BlacKkKlansman

Ron Stallworth (J. D. Washington) è un giovane poliziotto afroamericano, nel Colorado degli anni ’70. Vuole darsi da fare e non marcire in un archivio, per lo più sopportando le battute razziste di alcuni suoi colleghi. Entra in contatto telefonico con la sezione locale del Ku Klux Klan, spacciandosi per bianco. E convince i suoi superiori a far infiltrare il suo collega Flip Zimmerman (A. Drive), che è bianco, nel Klan, passando per il vero Ron Stallworth. Così inizia un’indagine rischiosa, che porta Flip ad essere l’alter ego reale del Ron telefonico. I bianchi bifolchi e razzisti che incontra sono solo cani che abbaiano, o sanno anche mordere? Il dubbio potrebbe essere fatale a tanti. Intanto la contestazione studentesca, soprattutto dei giovani neri, dilaga.

Spike Lee, emerito e pluripremiato regista statunitense, firma una pellicola alla sua maniera, ispirata a una storia vera. Mescola il drammatico al grottesco, con divagazioni surreali (tanti omaggi e citazioni della storia del cinema, tra cui un cameo di Harry Belafonte, novantenne monumento dei diritti civili) e dialoghi irresistibili, e si concede una coda al veleno, sulla stretta attualità.
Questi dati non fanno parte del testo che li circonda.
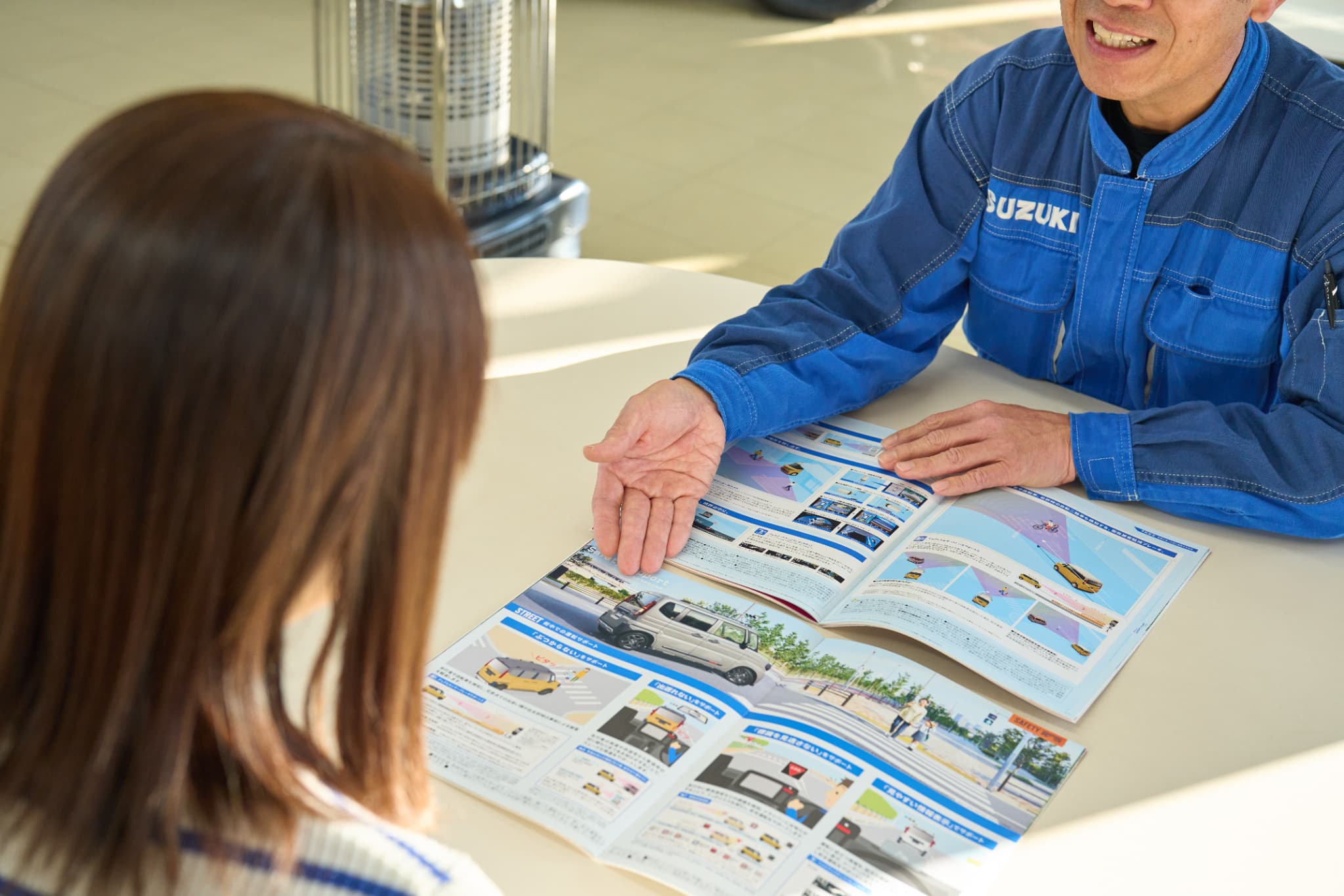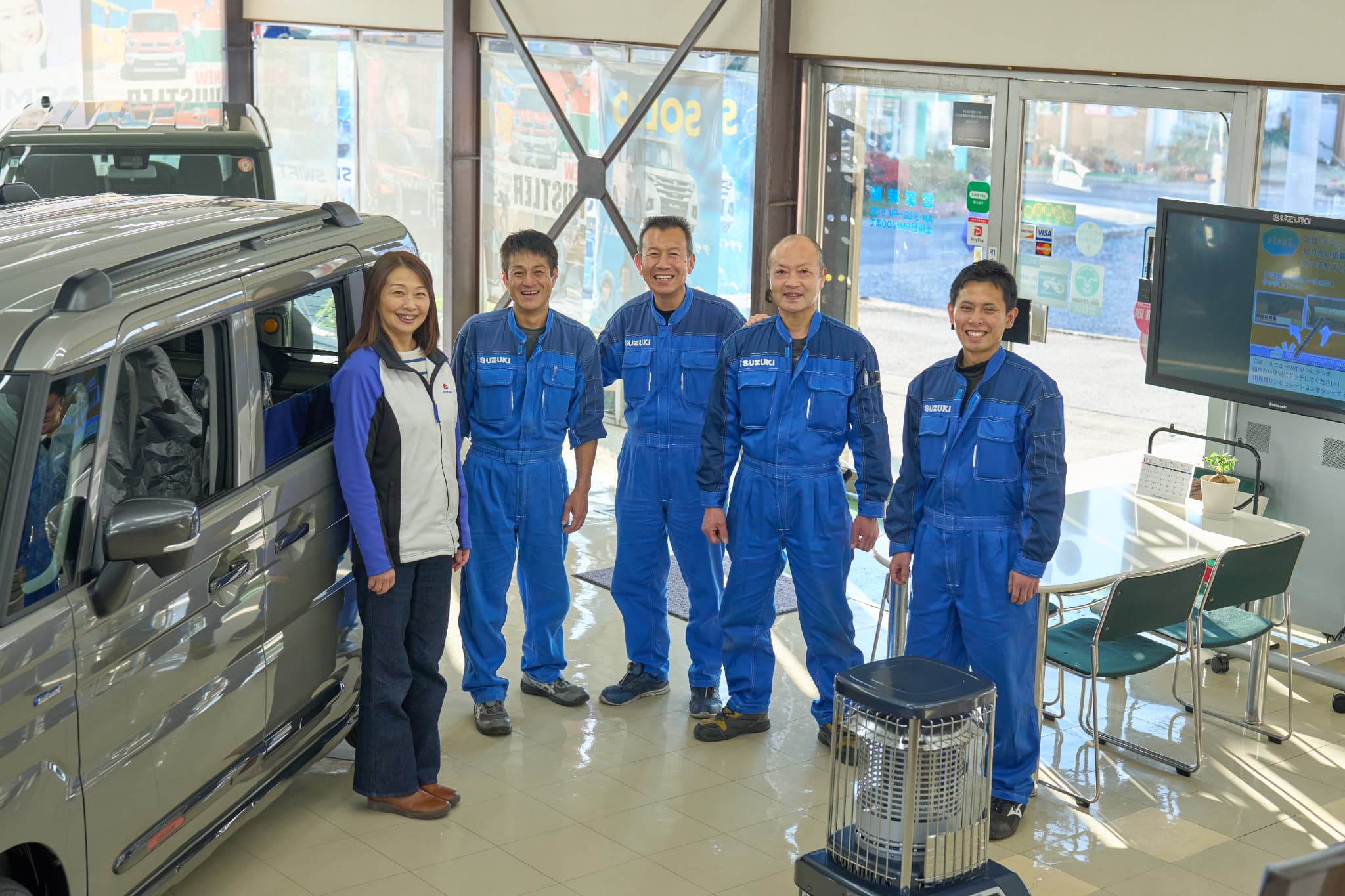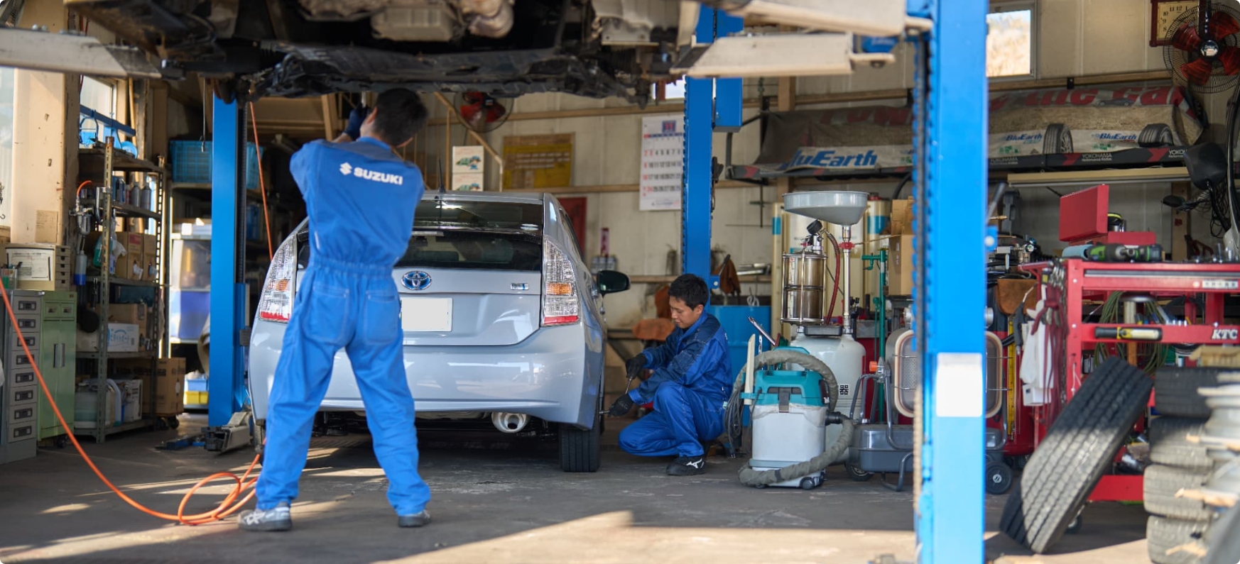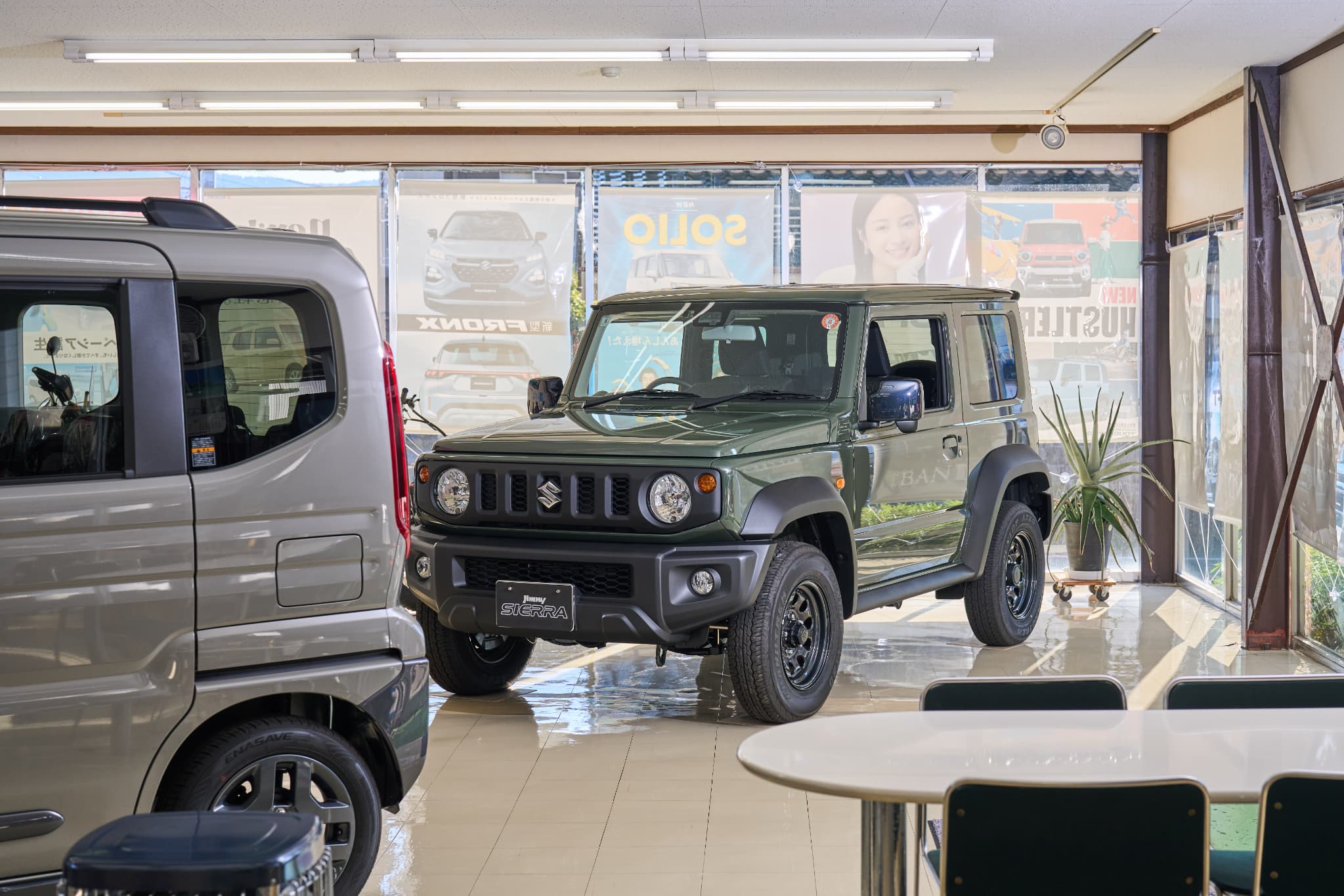 スズキ車を中心に、トヨタ・ホンダ・日産など国産全メーカーの販売・車検・整備に対応します。軽自動車から中型貨物、ダンプ・クレーン車などの特殊車両、さらに農機具まで幅広くカバー。

Forse gli anni ’70 non sono poi così lontani oggi.

I cambi di tono evocano un umorismo al vetriolo degno dei Coen, magari non sempre così fluidi, ma il film gira e talento del regista, musiche di Blanchard (collaboratore abituale di Lee) e montaggio fanno il resto.

Gran premio della giuria al Festival di Cannes.